Daniel Baldes wrote:
Hello,

I have a web form where you can, generally speaking, assign objects to groups. This is done via a multiple select box which displays an object's name and uses its ID property as value.

So, usually, my action would get back a String array containing the IDs of the selected objects. I want the framework to load the corresponding objects from the database and pass them as a Collection to my action's setObjects(Collection<Object> objects) method, so that my action doesn't have to deal with loading objects.

So I wrote a type converter. The "convertFromString" method takes the String array with the IDs, determines the target element type using ObjectTypeDeterminer, loads the objects and returns them in a collection. In this direction - form to action - it works quite well.


Great. I've never tried this myself. I suppose you run the risk of some performance penalties doing it here (eg. select n+1 due to iteration) and the conversion error exception is probably not ideal, but otherwise I'm impressed.
Now my questions:

1. extending StrutsTypeConverter forces me to implement String convertToString(Map context, Object o). I think there is no common sense way of converting a collection back to a String in this context. It would, maybe, make sense to convert it to a String[]. But what I actually want is to have access to the unconverted collection in the JSP. This might seem strange from some point of view, and I could live without it, but is there a way to do this? Example:

   <s:select multiple="true"
    name="myObjects"
    list="myObjects" listKey="id" listValue="name" />

This way I could use getMyObjects() for displaying my objects and setMyObjects() for setting them (using only their IDs).


It does really follow the intended contract of the interface, but I don't see why convertFromString can't return a different view of the object than convertToString. Have you tried it? This effectively gives you the "databinding" feature of ASP.net (which I personally cringe at, but can't argue with how productive it is to work with)
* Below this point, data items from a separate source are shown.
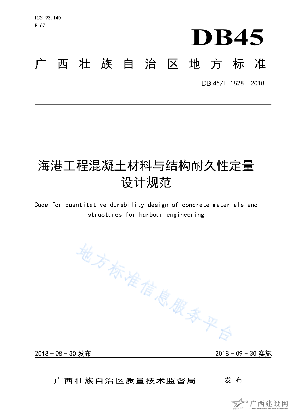 DB45T1828-2018海港工程混凝土材料與結(jié)構(gòu)耐久性定量設(shè)計(jì)規(guī)范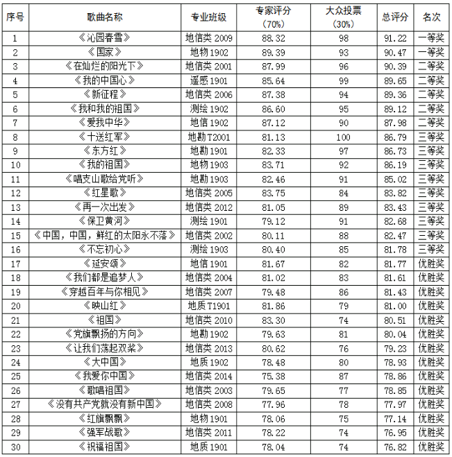 为庆祝中国共产党成立100周年,引导广大地信学子厚植爱国情怀,在丰富校园文化生活的同时,营造良好的校园文化艺术氛围,学院于2021年6月,举办了“全心向党,红歌嘹亮”网络视听短视频大赛。经过各参赛班级的认真准备、作品上报、大众投票、专家评选,最终评选出2个一等奖班级、5个二等奖班级、9个三等奖班级、14个优胜奖班级,现将获奖名单公示如下: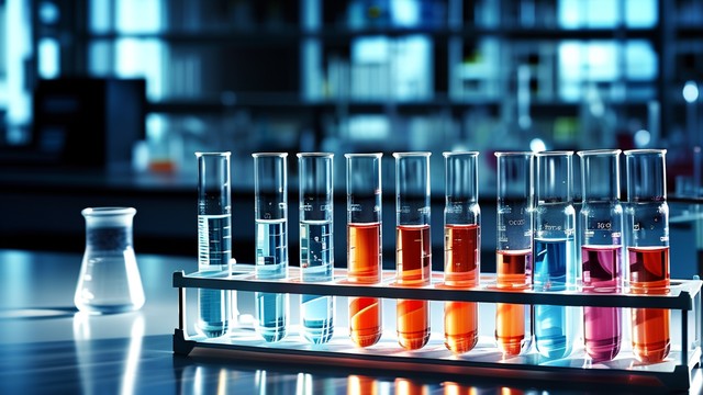 实验室中,试管排列整齐,化学试剂在灯光下闪耀,展现药学科学的严谨与创新。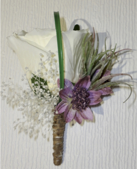 Rustic Style Purple Rose & Mixed Foliage Buttonhole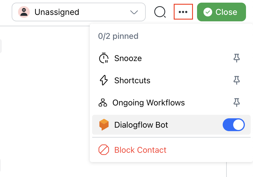 You can turn off the Dialogflow Bot manually from the Inbox module with the Dialogflow Bot toggle at the conversation action bar for each Contact.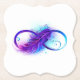 Símbolo do infinito com uma bela pena pintada em cores vibrantes roxas e azuis sobre um fundo branco.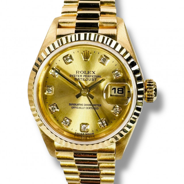 The Rolex President 79178 proudly flaunts its meticulously embedded diamond markers on the Champagne Diamond dial, adding a touch of elegance and refinement to its overall aesthetics. Precisely engineered, this Rolex watch embodies the exemplary craftsmanship synonymous with the esteemed Rolex brand.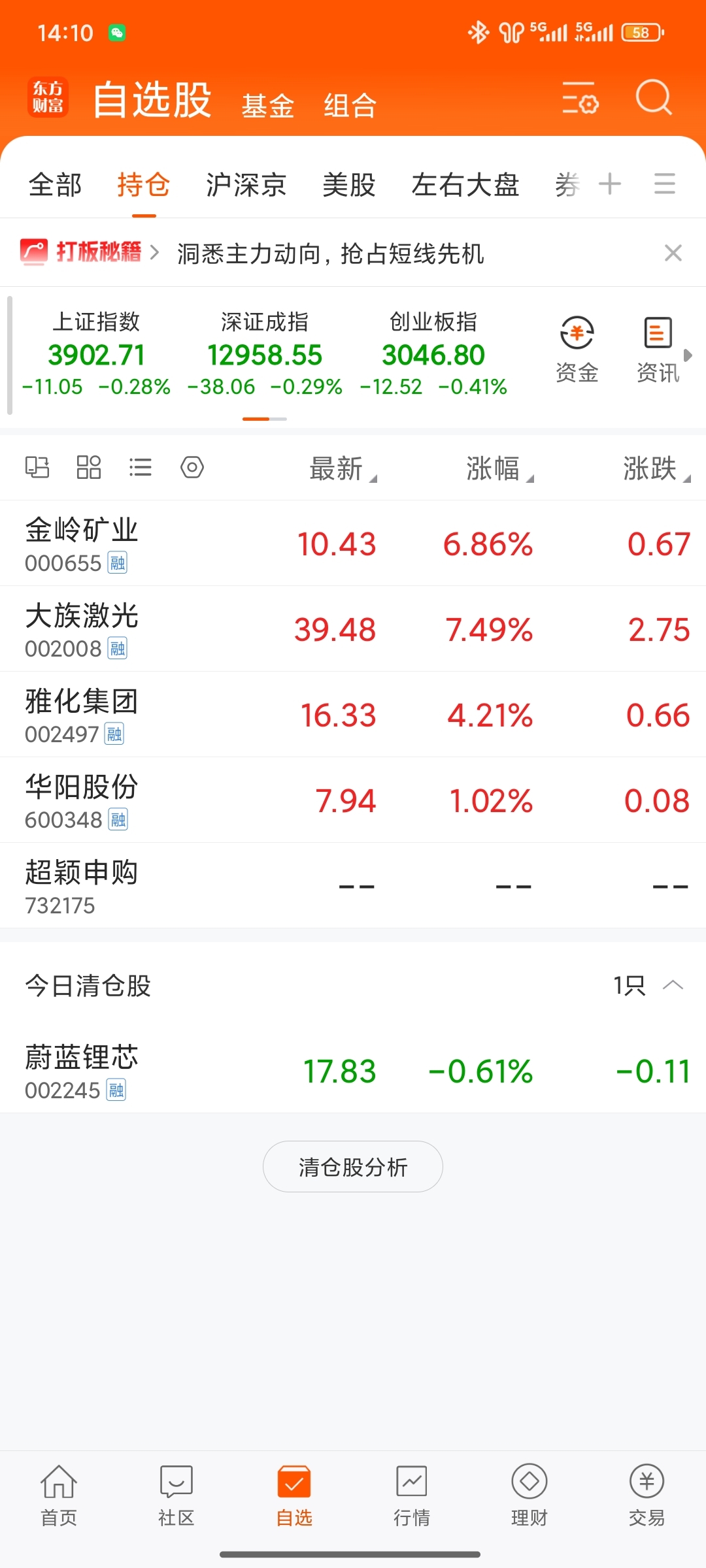 $大族激光(SZ002008)$ $金岭矿业(SZ000655)$ $雅化集团(SZ002497)$ 此行情六只持仓票四红一绿一平盘,继续跟着感觉走,低头走自己的路,不要被路程中的噪声乱了心境。今日知识点:永远不要满仓单吊一只票,哪怕你再看好,请最多以60%仓位应对,过来人的经验,满仓即是你大回撤、大亏损的开始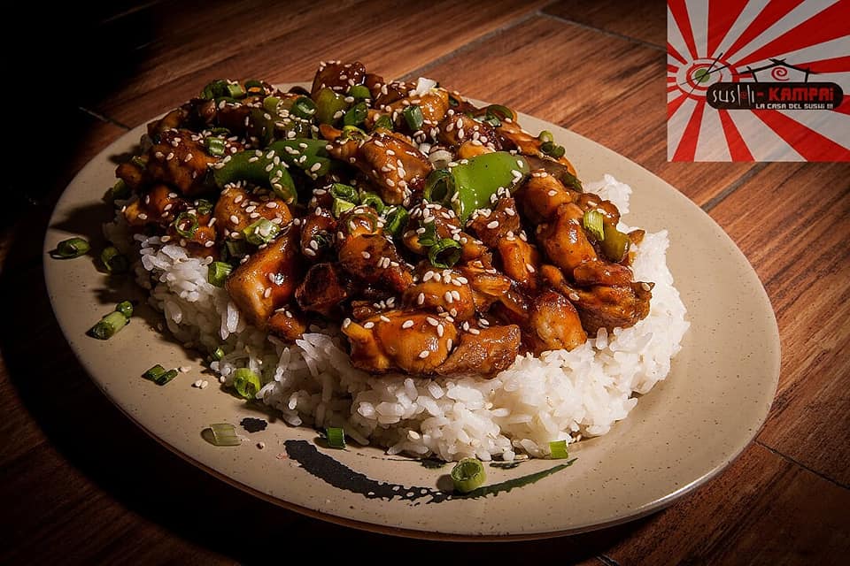 Sushi bola de pollo + Medio teriyaki de pollo.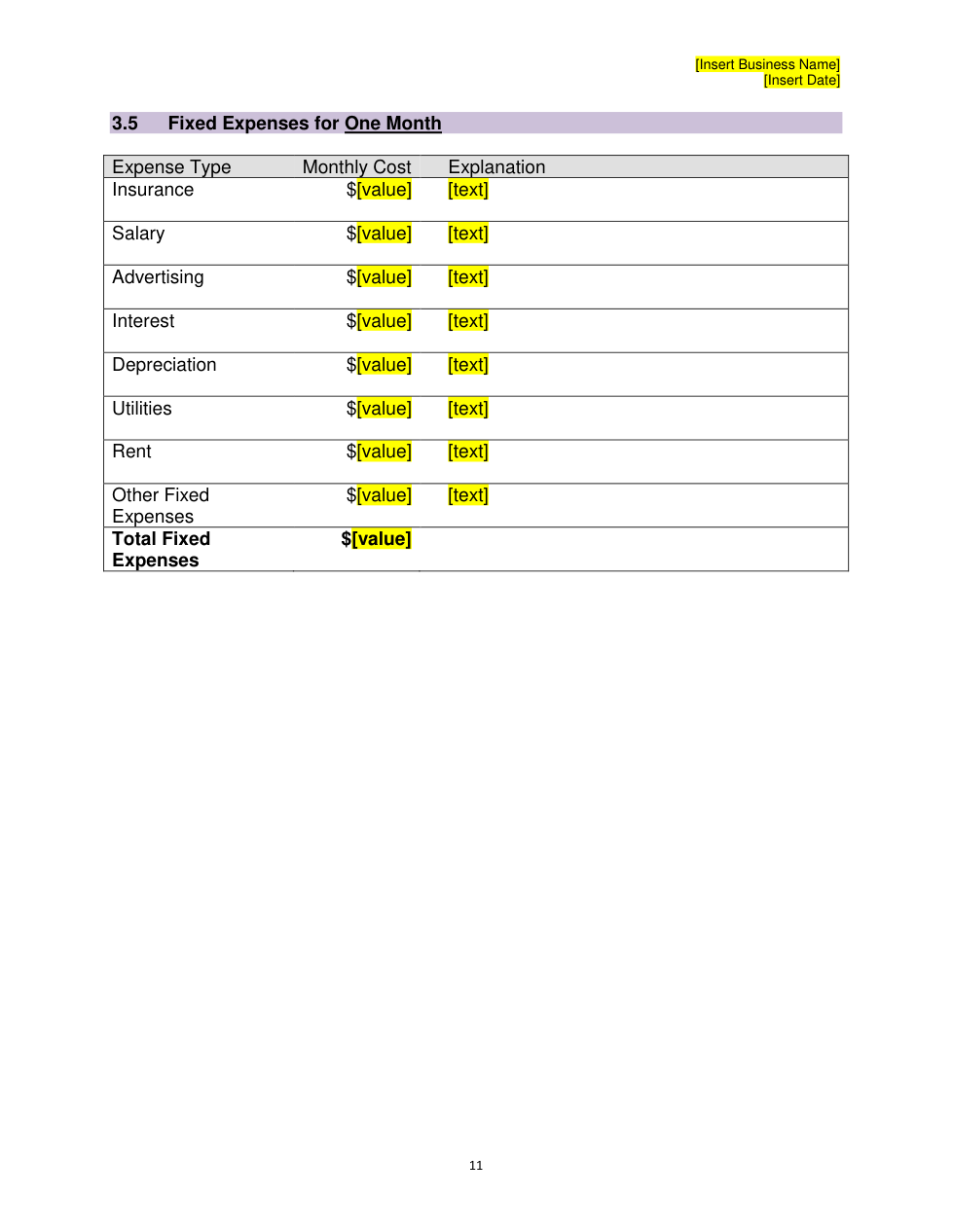 List the Expense Type, Monthly Cost, and Explanation for each fixed expense.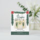 Cette carte postale de Noël colorée et festive dit "nouvelle maison pour les vacances", avec une belle maison aquarelle décorée pour la saison. Des guirlandes vertes ornées de fleurs de poinsettia rouges ornent l'avant, ainsi qu'un brin de lampes à cordes et une typographie moderne branchée.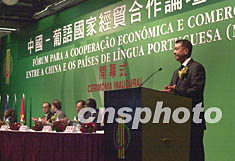 中國-葡語國家經(jīng)貿(mào)合作論壇(澳門)十二日在澳門舉行,澳門特區(qū)行政長官何厚鏵在開幕式上致辭。中新社記者:李剛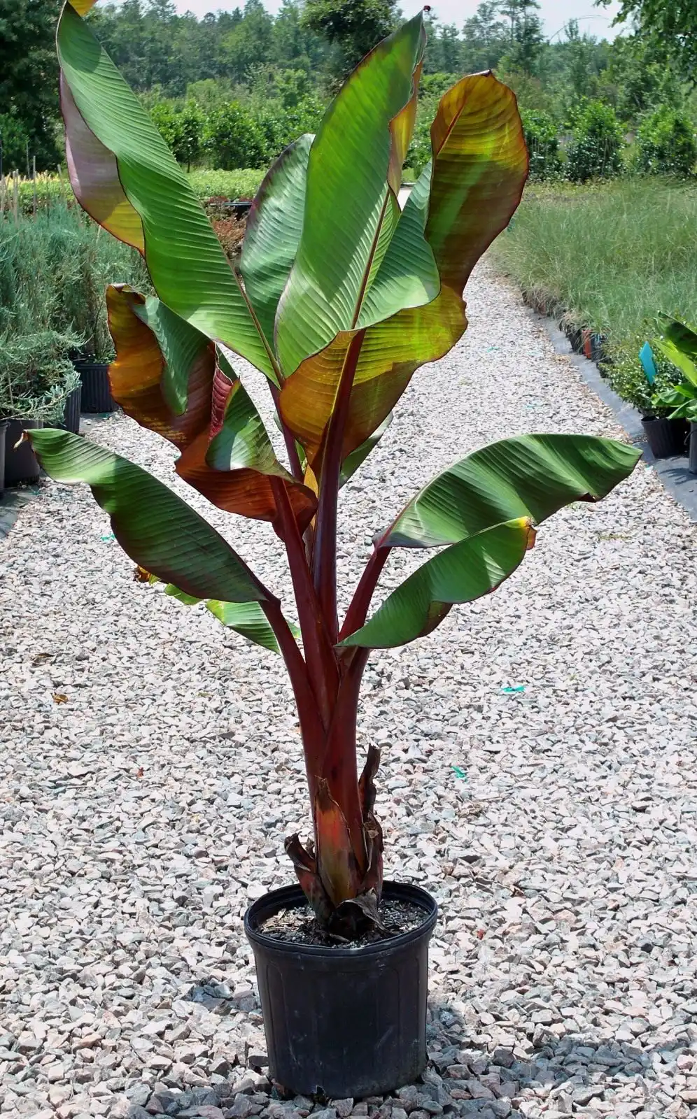 - Сніговий банан, або Енсета сиза (Ensete glaucum) красується жовто-зеленими стовбурами з покритими чорними плямами зовнішніми редукованими залишками старого листя і довгастим, менш широким листям, що сидить на коротких черешках.

2. Is there a way to define a type converter application wide, like "always use this type converter for setting types which are subclasses of X" and "for setting types which are Collection<subclass-of-X>"? This way I could define the type converter once for all persistence-capable classes.

classpath:xwork-converters.properties allows you to define global converters by class name. You may be able to the the element_ feature for collections.